> **Work instruction**: Pictures are to be left out; every line from the one that holds "Under the new" to the end of the data is to be retyped exactly.

Stored data
----------------

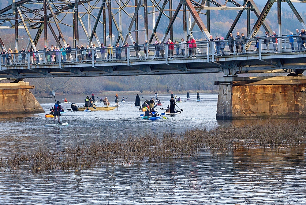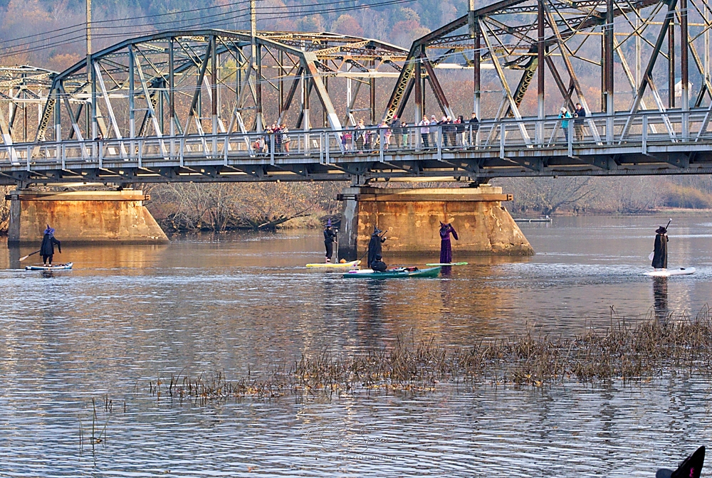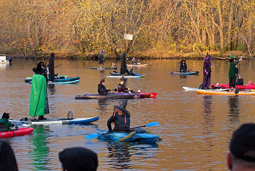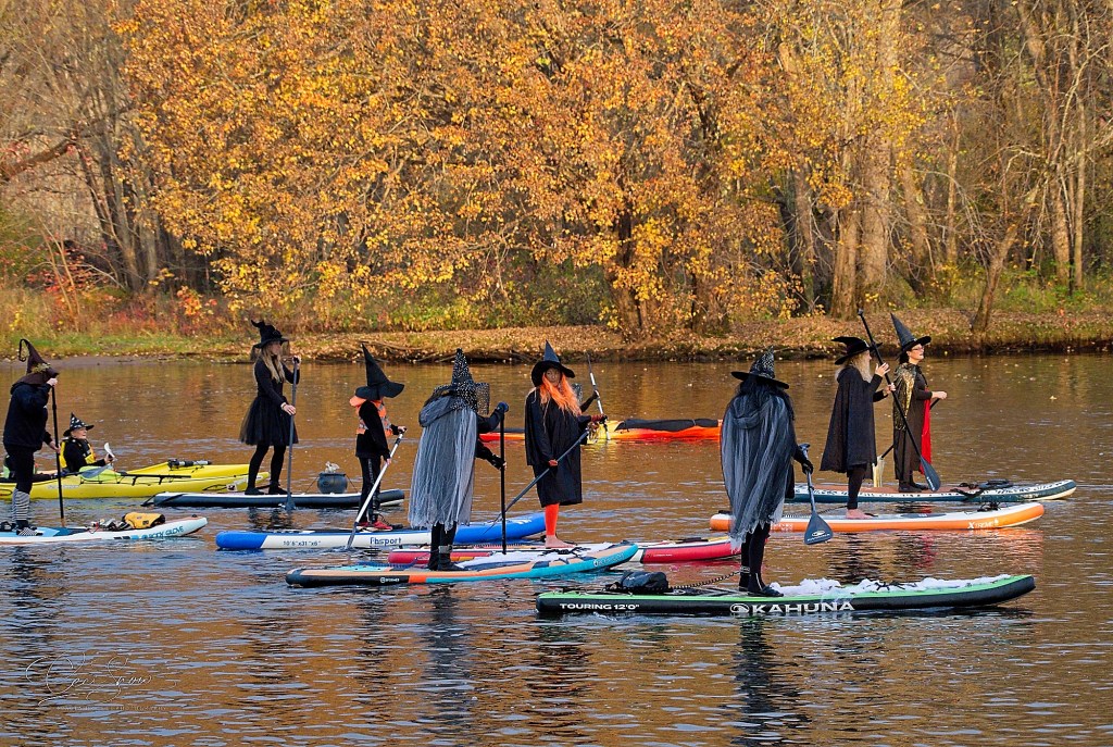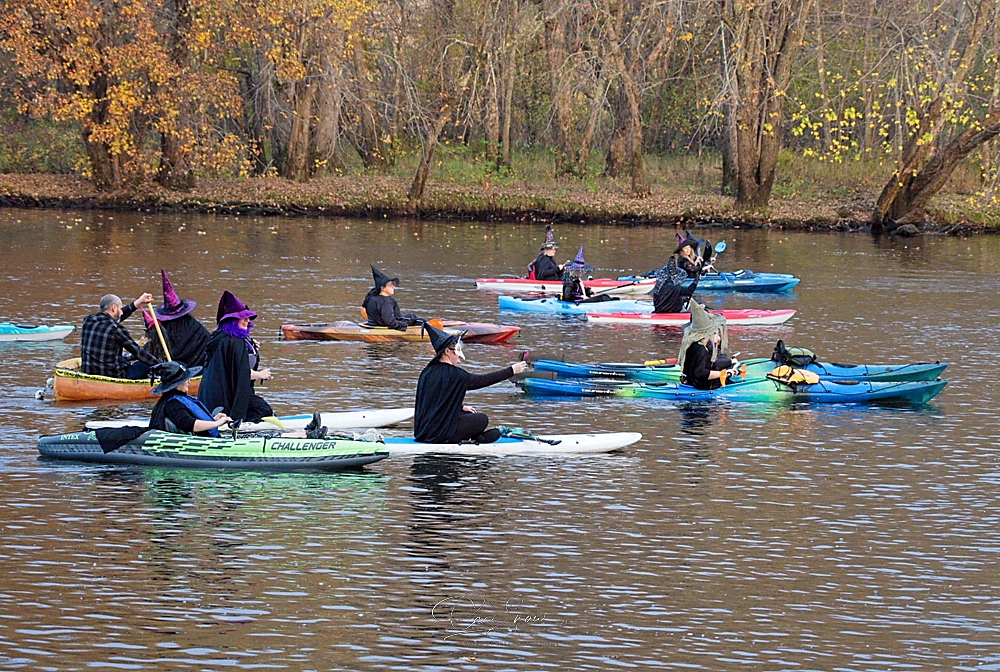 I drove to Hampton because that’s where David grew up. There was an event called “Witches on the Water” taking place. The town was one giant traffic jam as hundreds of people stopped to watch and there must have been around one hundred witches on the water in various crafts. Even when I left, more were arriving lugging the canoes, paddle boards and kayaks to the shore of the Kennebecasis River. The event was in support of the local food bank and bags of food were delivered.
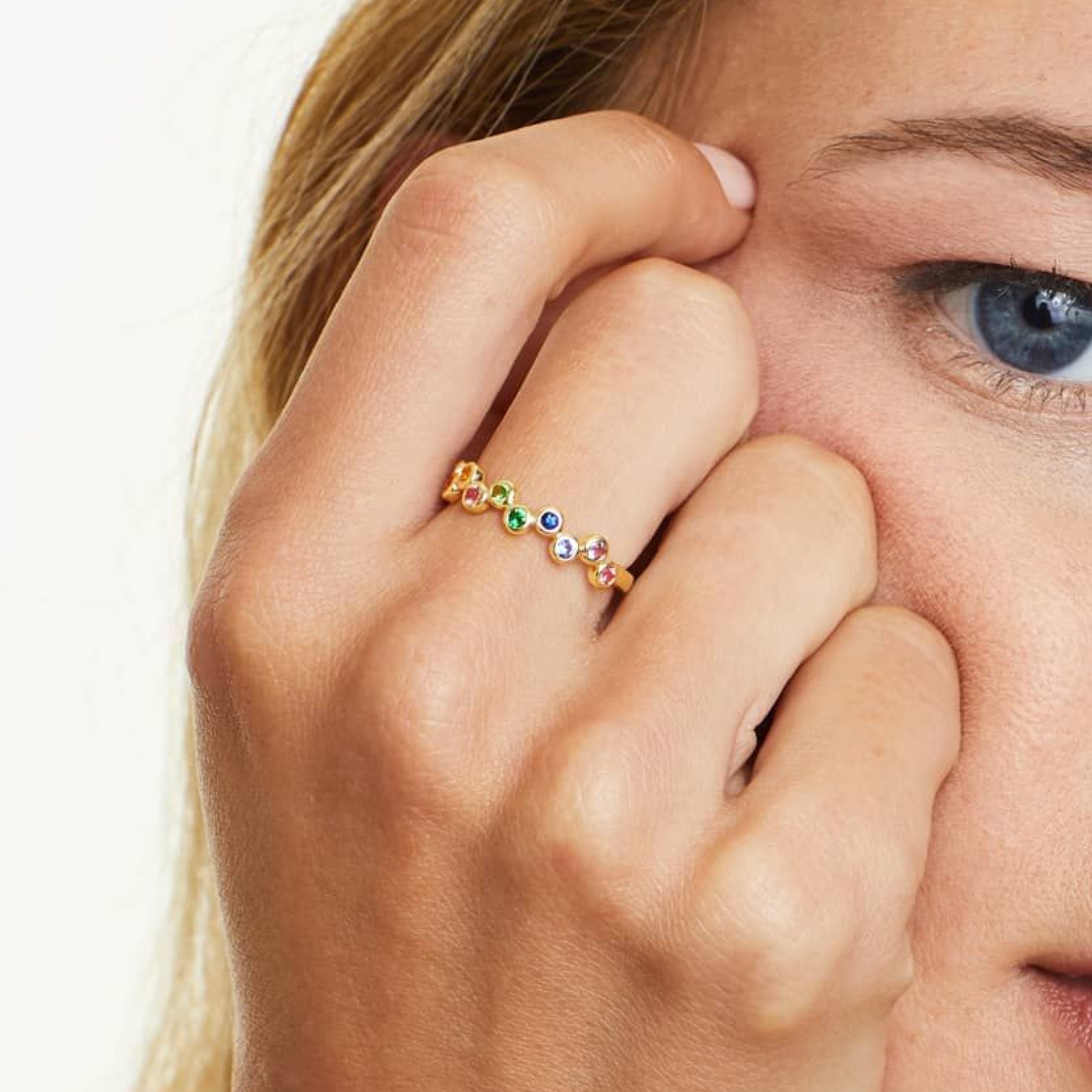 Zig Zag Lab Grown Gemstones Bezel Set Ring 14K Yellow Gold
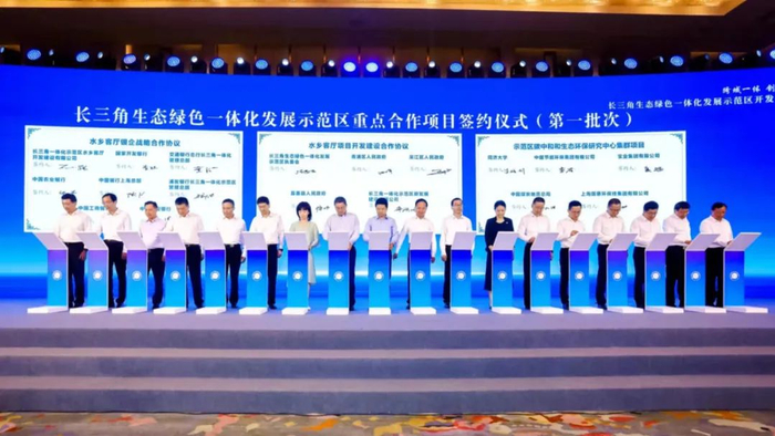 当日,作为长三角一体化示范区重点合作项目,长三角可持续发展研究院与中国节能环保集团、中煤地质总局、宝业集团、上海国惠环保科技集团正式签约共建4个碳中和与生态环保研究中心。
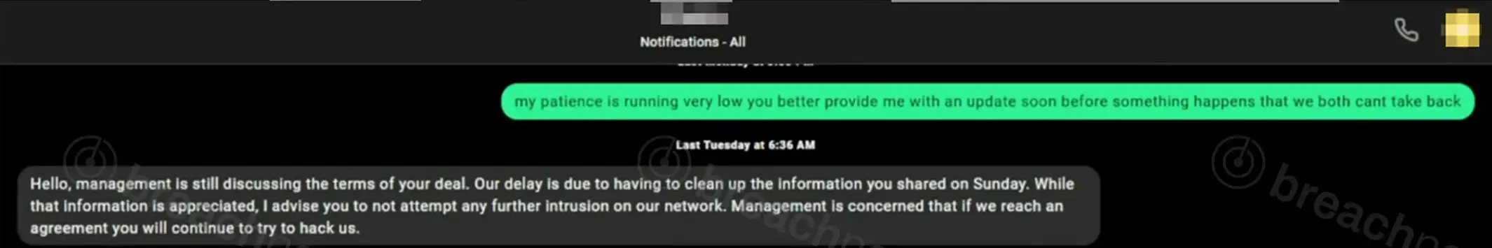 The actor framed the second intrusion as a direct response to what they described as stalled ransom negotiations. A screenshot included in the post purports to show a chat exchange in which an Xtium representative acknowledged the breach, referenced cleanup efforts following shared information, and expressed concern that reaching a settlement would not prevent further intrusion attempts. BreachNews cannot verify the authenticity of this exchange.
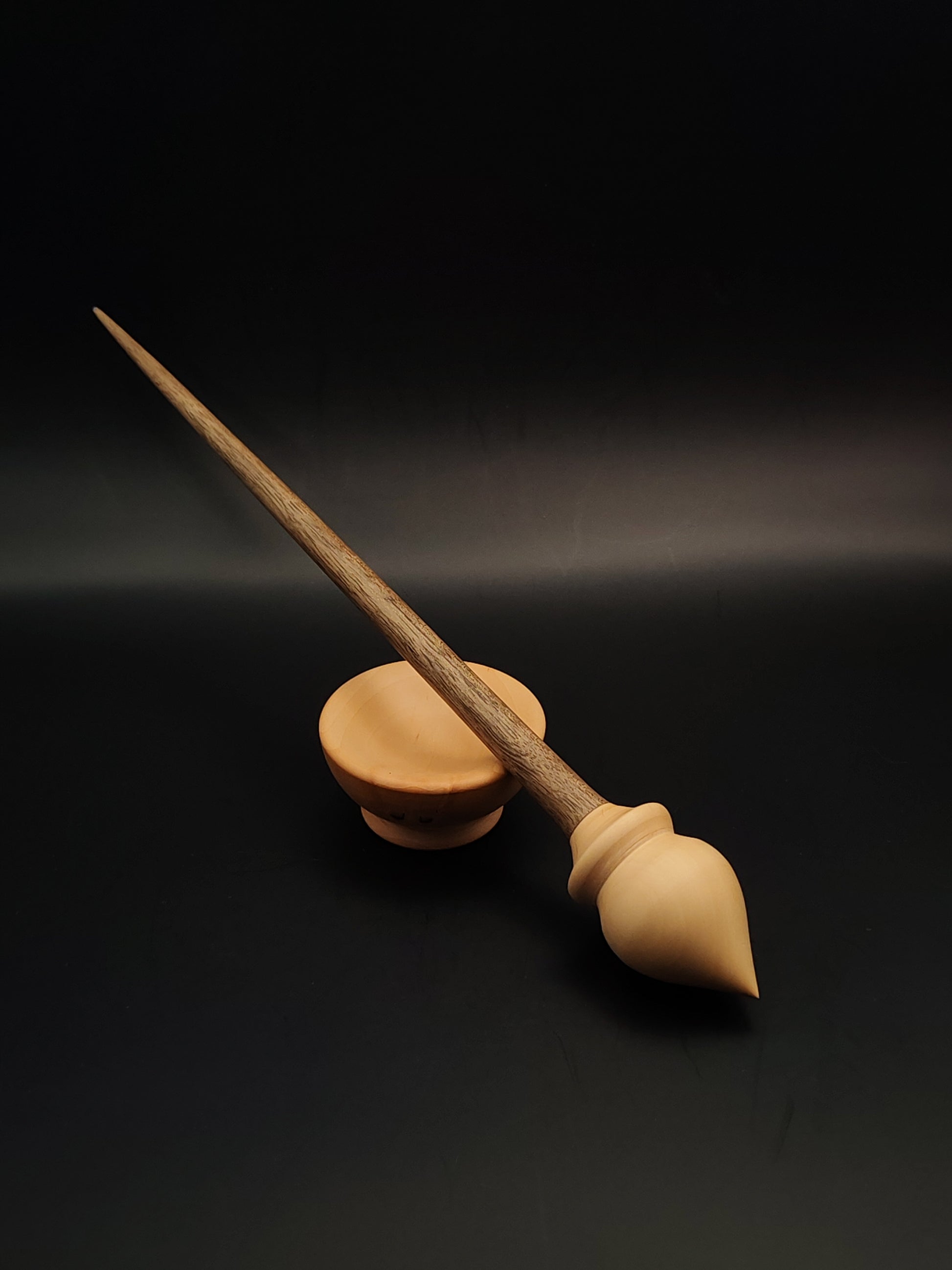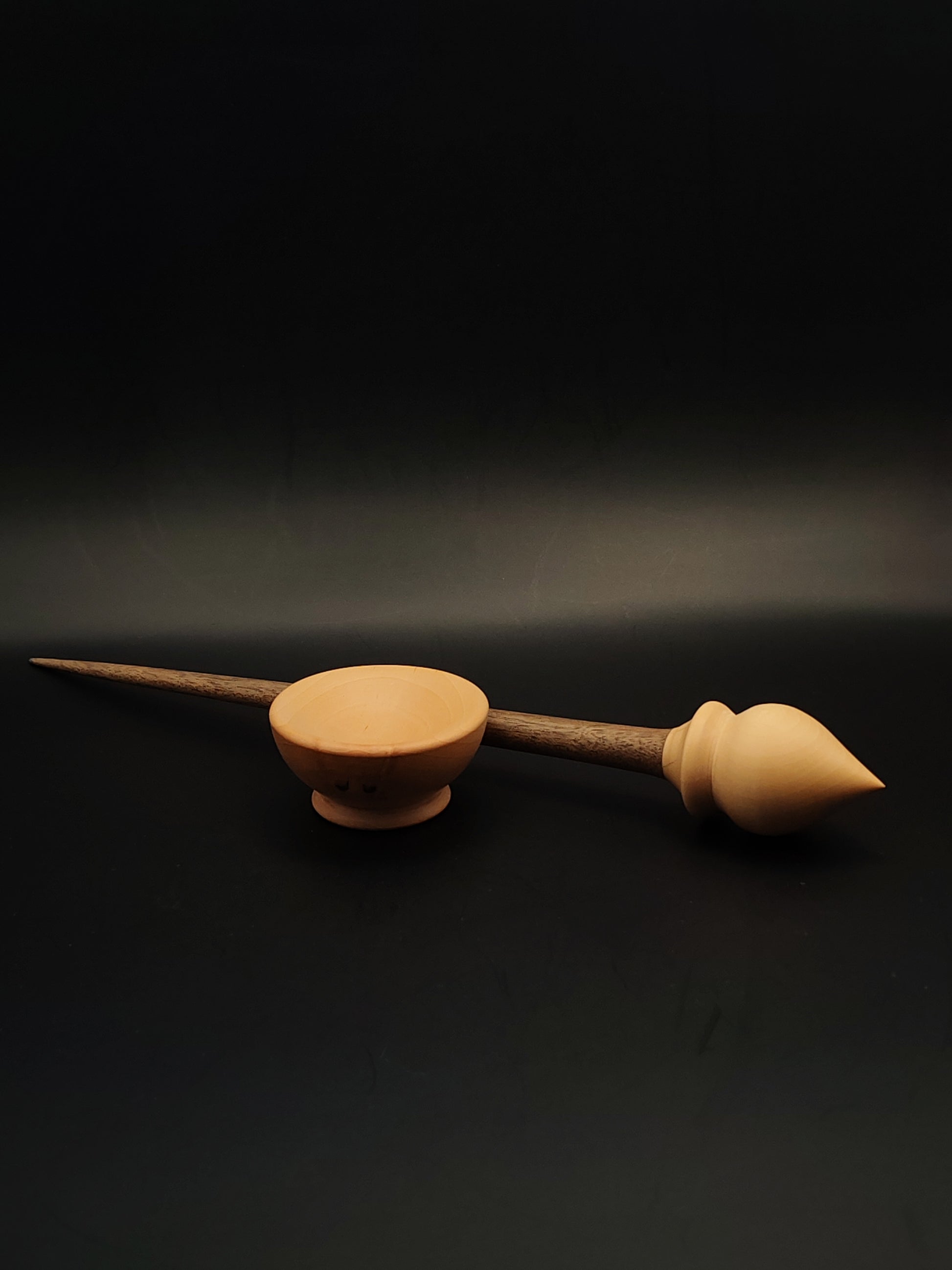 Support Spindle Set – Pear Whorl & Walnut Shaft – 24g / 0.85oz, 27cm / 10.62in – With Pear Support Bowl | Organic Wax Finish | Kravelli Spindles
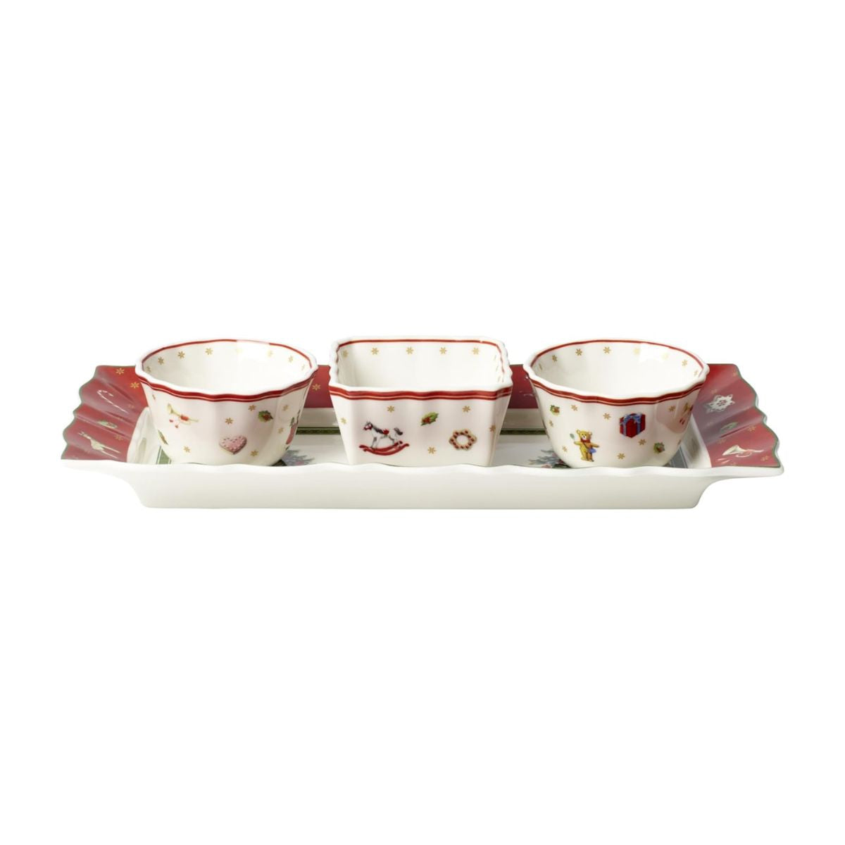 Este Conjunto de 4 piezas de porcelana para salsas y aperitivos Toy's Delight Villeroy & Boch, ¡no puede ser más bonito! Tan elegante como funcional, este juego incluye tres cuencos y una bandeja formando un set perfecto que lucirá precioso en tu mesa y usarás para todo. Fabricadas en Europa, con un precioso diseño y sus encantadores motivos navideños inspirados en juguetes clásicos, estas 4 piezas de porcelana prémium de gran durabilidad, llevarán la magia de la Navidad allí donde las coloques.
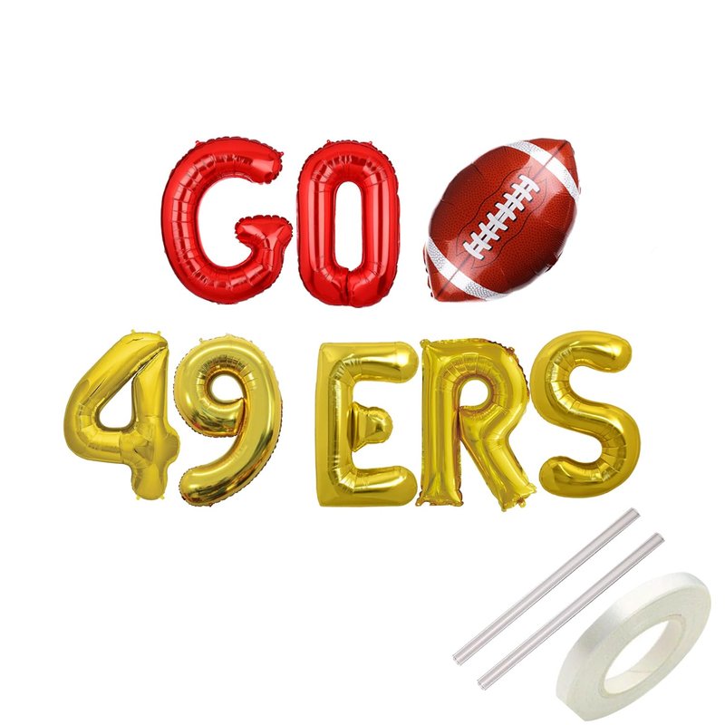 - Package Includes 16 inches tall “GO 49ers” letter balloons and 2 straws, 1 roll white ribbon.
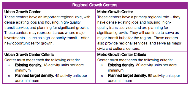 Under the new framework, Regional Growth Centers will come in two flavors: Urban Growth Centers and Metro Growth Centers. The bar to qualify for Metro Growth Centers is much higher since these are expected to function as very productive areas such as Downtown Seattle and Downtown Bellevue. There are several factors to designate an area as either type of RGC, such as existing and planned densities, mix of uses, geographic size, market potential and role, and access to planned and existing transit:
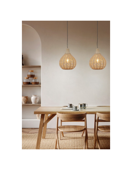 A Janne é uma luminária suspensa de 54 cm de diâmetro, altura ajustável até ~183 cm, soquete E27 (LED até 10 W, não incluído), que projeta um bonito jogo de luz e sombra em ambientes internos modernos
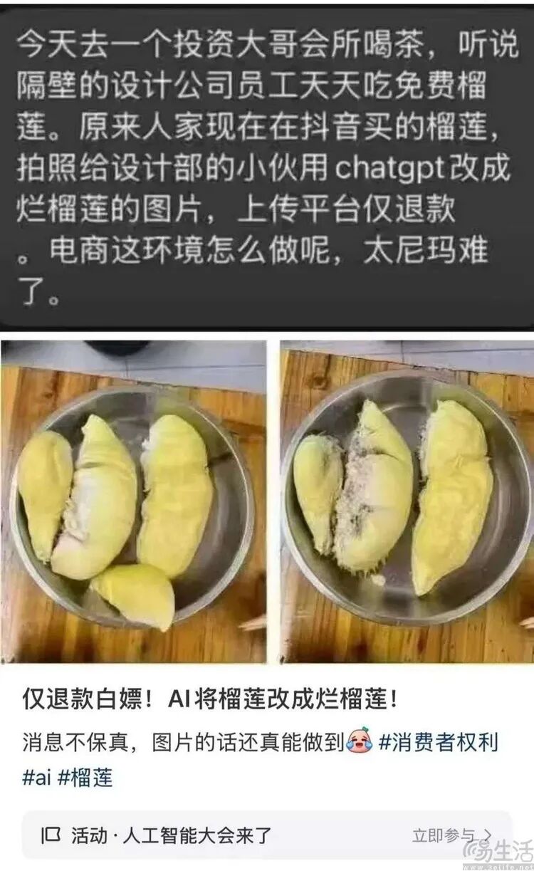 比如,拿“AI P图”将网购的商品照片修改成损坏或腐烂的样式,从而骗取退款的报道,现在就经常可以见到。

----------------

> **Task response**:
 Under the new framework, Regional Growth Centers will come in two flavors: Urban Growth Centers and Metro Growth Centers. The bar to qualify for Metro Growth Centers is much higher since these are expected to function as very productive areas such as Downtown Seattle and Downtown Bellevue. There are several factors to designate an area as either type of RGC, such as existing and planned densities, mix of uses, geographic size, market potential and role, and access to planned and existing transit:
 A Janne é uma luminária suspensa de 54 cm de diâmetro, altura ajustável até ~183 cm, soquete E27 (LED até 10 W, não incluído), que projeta um bonito jogo de luz e sombra em ambientes internos modernos
 比如,拿“AI P图”将网购的商品照片修改成损坏或腐烂的样式,从而骗取退款的报道,现在就经常可以见到。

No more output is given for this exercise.